When Phish came on, the energy of the whole venue erupted. The music was fuel to the entire environment. Glow sticks began to rain down from the sky by the thousands. That sounds like an exaggeration, but it’s far from it. You couldn’t go more than a minute without a glow stick hitting you. With each song, everybody broke out into his or her own awkward, yet groovy form on dancing. There was no judgment. Nobody seemed to mind if you had to push your way forward. If you bumped into someone and apologized you were met with a dazed “You’re good man” accompanied by a stony laugh. Everyone was full of bliss in every sense of the word. You felt the energy coursing through your body, at times maybe even seeing it. I felt as though everyone I saw and spoke with may have been one of the nicest people that I had ever met.

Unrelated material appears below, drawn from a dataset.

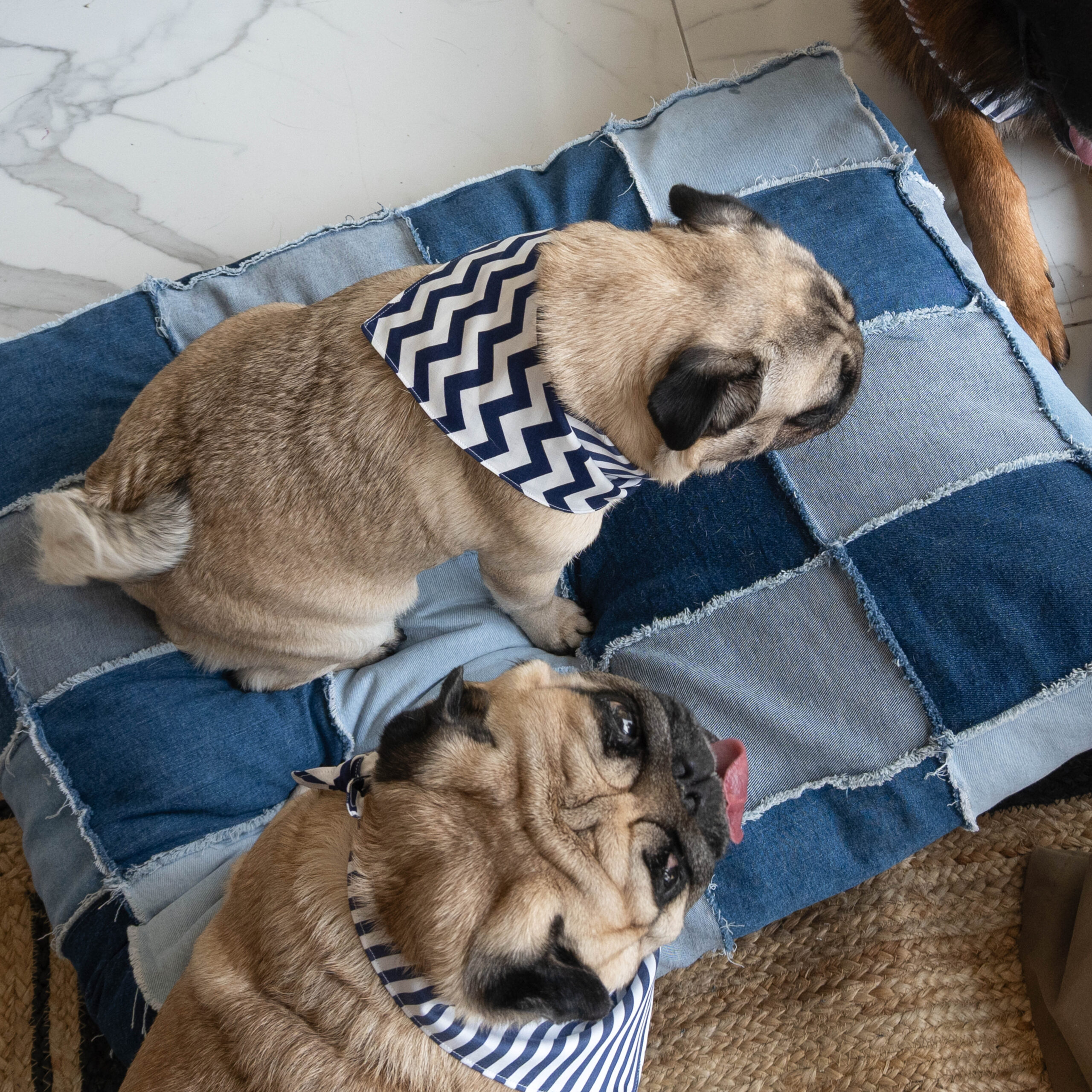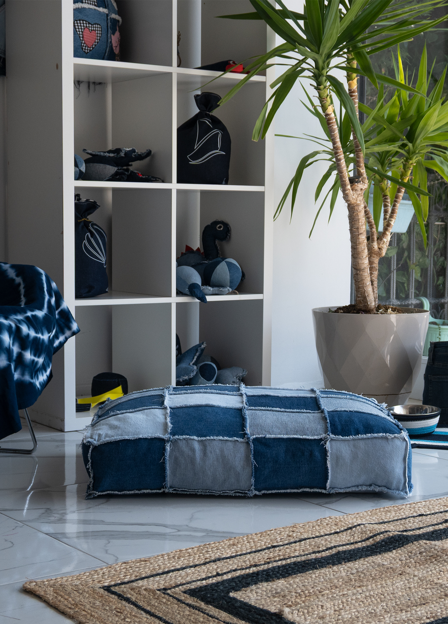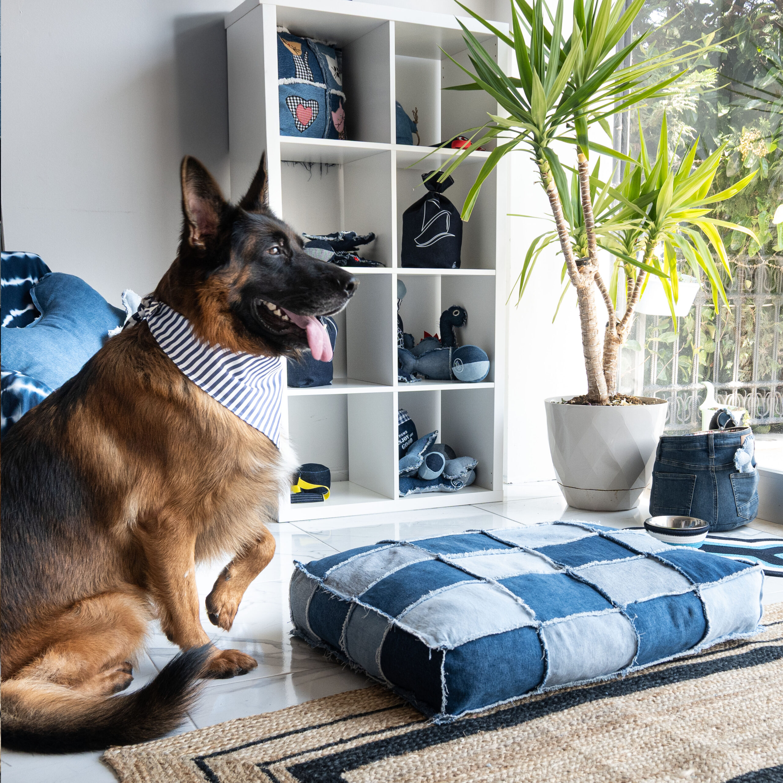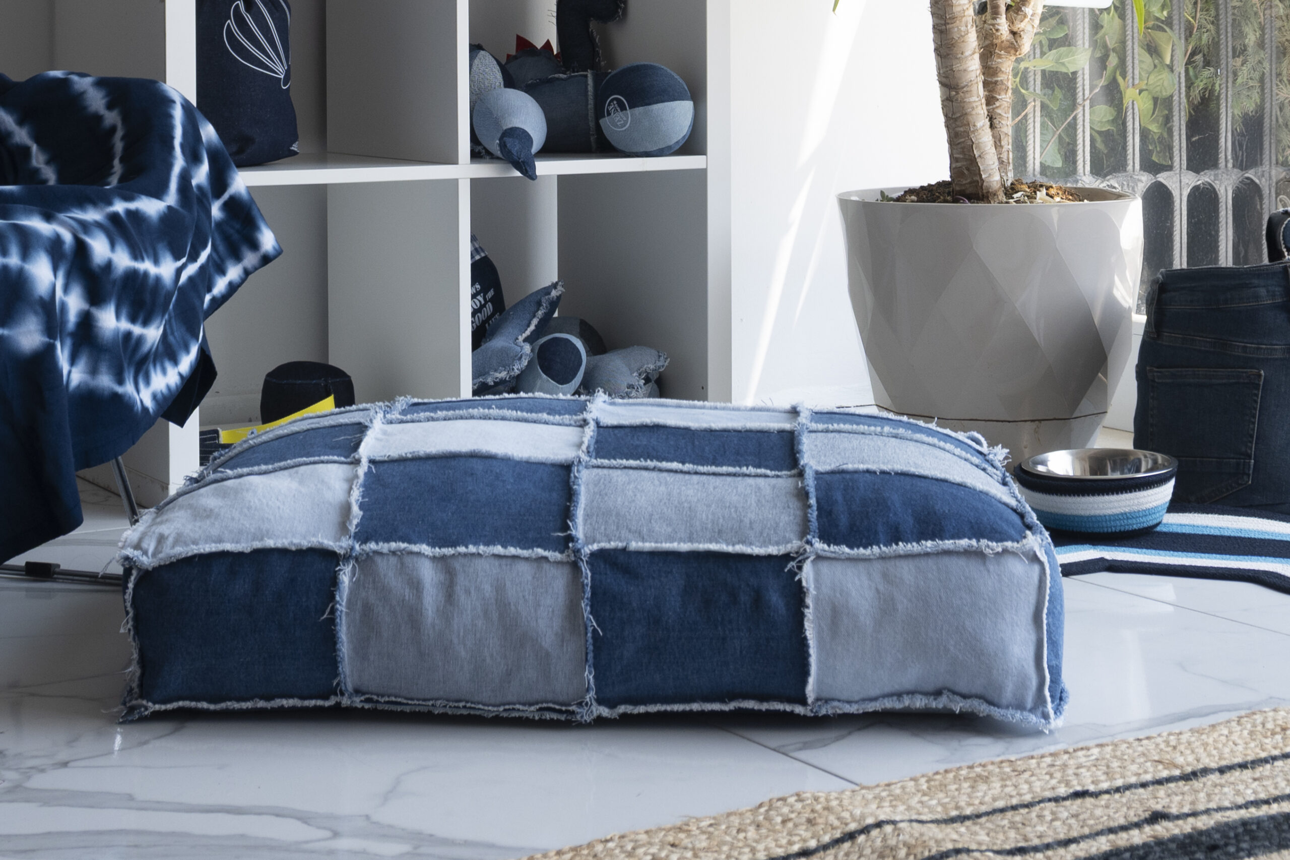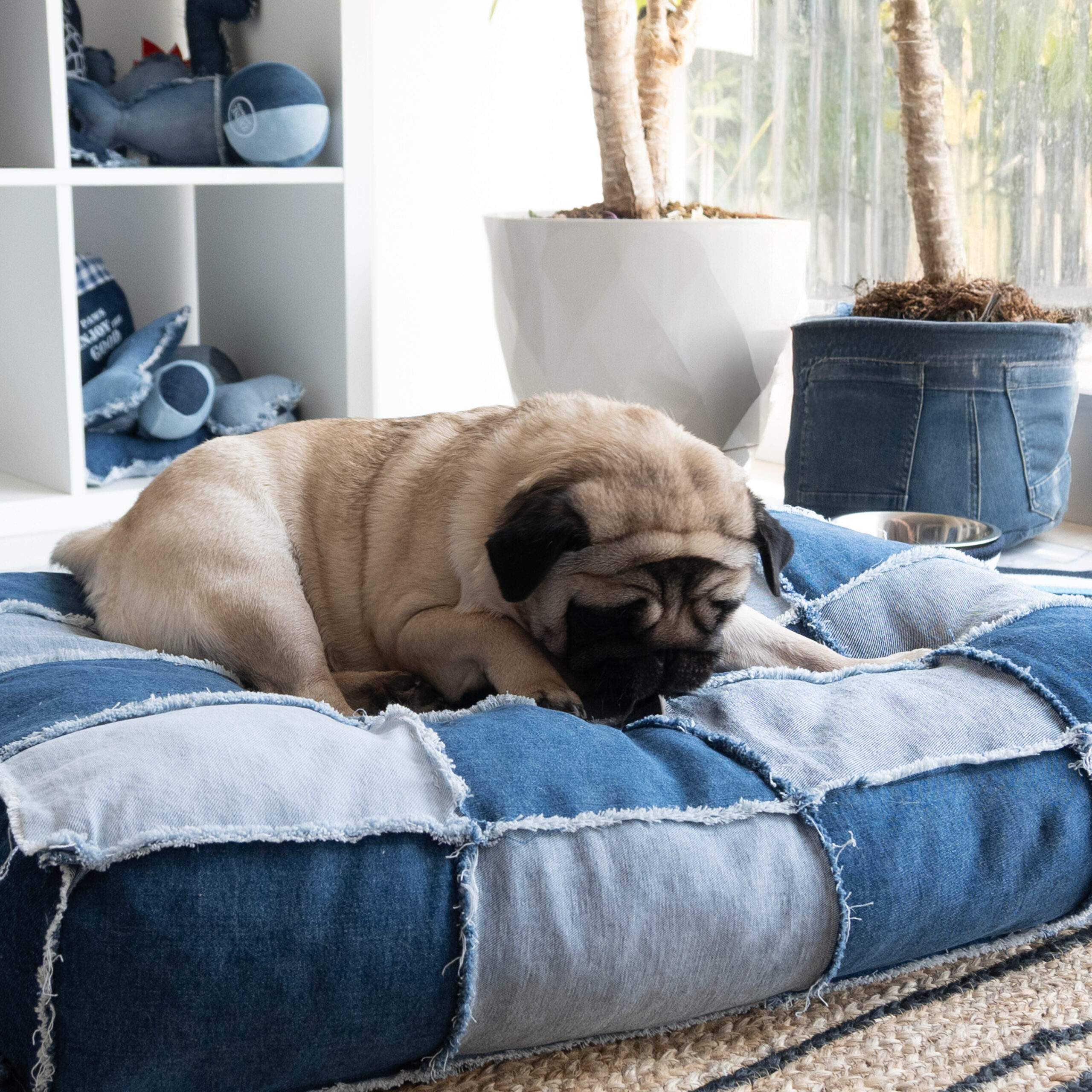 Patchwork Denim Köpek Yatağı – Elyaf Dolgulu El Yapımı Konfor Alanı

Each song was dragged out and broken down for about 10-15 minutes. It was so easy to get lost in the music. It was unlike any live performance I had ever witnessed. Each and every member was totally in sync and the band as a whole was in sync with the rest of the crowd. The entire atmosphere was truly a 3 ½ hour work of art.
After the show, we decided to camp out alongside a few hundred other people. While the campsite was dark, some kind soul illuminated each path and campground with glow sticks, making for an absolutely surreal sight. After watching a cover band play for a few minutes and smoking into delirium, we decided to call it a night. However, the rest of the campers, fueled by drugs and the stored up energy from seeing such a performance, kept going long into the night.
To this day I still laugh about it and get overwhelmed with happiness remembering the rest of the night and how dreamlike the entire experience was.
I was fortunate enough to see them perform again the next night.
The entire experience was so beautiful that I can’t say I blame Phish heads for following the band around for weeks at a time. The whole vibe and overall atmosphere of their shows is unparalleled. It’s a subculture that I wholeheartedly believe makes the world a better place and I hope that you too get a chance to experience it one day.